Simple Dynamic Strings (SDS)
Redis is implemented in C language. Instead of using the traditional string representation of C language, Redis uses a self-constructed abstract type of Simple Dynamic String (SDS), which is used as the default string representation of Redis. The convention of ending ‘\0’ in C is still adhered to.
In addition to holding string values, the buffer is also acted on: the AOF buffer in the AOF module. The input buffer in the level 1 client state is implemented by SDS.
1. Structure of SDS:
** Note: ** In saving null character (‘\0’ character) space does not count in SDS len attribute, allocate 1 extra byte space for null character. The operations from null characters to the end of the string are performed automatically by the SDS function. The advantage of following this convention is that SDS can directly reuse some of the functions in the C character creation library.
SDS and C strings
1. Constant complexity Gets the length of the string
A C string does not record its length. To obtain the length of a C string, the entire string must be traversed. The complexity of the whole operation is O(N).
SDS records the length of the SDS string itself in the len attribute, and the operation complexity of obtaining the length is only O(1). SDS length manipulation is done automatically by the API without any manual length modification.
2. Prevent buffer overflow
C strings tend to cause buffer overflow. For example, when C strings are concatenated, the source string length is not allocated enough memory, which can cause a buffer overflow problem.
SDS determines whether the source string has enough memory before concatenating the string. If not, enough space is allocated, eliminating the possibility of buffer overflows.

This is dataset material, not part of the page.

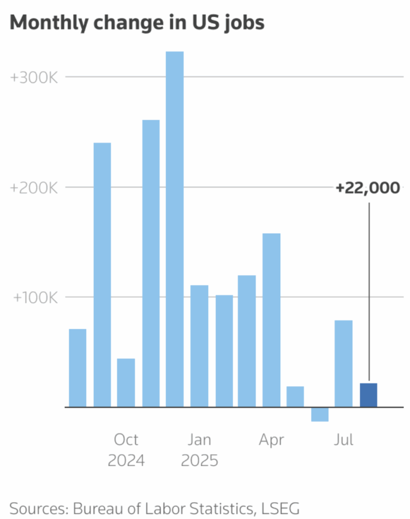 The Labor Department reported just 22,000 jobs were added in August, far fewer than economists’ forecast of around 75,000. Revisions showed payrolls in June actually declined by 13,000, the first monthly loss since late 2020, while July’s count was revised upward to 79,000.

3. Reduce the number of memory reallocation times caused by string modification
The C string underlying implementation is always an array of N+1 length (an extra character space is used to hold null characters). Before performing the concatenation operation, you need to expand the space of the underlying array through memory reallocation; otherwise, a buffer overflow will occur. If truncation is performed, memory needs to be reallocated to free up space that is no longer used by the string, otherwise a memory leak will occur.
The length of the BUF array in SDS is not necessarily the number of characters plus one, the array can contain unused bytes, and the number is stored in the free attribute.
3.1 Space preallocation
String growth operations to optimize SDS: When SDS expands space, the program allocates not only the required space to the SDS, but also additional unused space.
1. If the length of SDS (len's attribute value) is less than1MB, allocates the same amount of unused free space as Len. The actual length is len + free +1byte2If the length of SDS is greater than or equal to1MB is allocated1MB of unused space.Copy the code
With a space preallocation strategy, Redis can reduce the number of memory reallocations required to perform consecutive string growth operations. SDS reduces the number of memory reallocations required to grow a string N times in a row from a certain N to a maximum of N.
3.2 Lazy space release
The user optimizes the shortening of SDS strings: when SDS does space shortening, the program does not immediately use memory reallocation to reclaim the shortened extra bytes, but uses the free property to record the extra bytes for future use.
A lazy release strategy, SDS avoids the memory reallocation operations required when shortening strings and provides optimization for future growth. You can actually free up unused space without worrying about memory waste.Copy the code
4. Binary security
Avoid C string, read until null character (‘\0’) end read problem. The BUF array in SDS structure is processed in binary mode, which stores columns of binary data. The len attribute value is used in SDS to determine whether the string ends. Redis can store not only text data, but also binary data in any format.
5. Compatible with some C character functions
Following the requirements of C characters, some functions in C can be reused, avoiding unnecessary code duplication.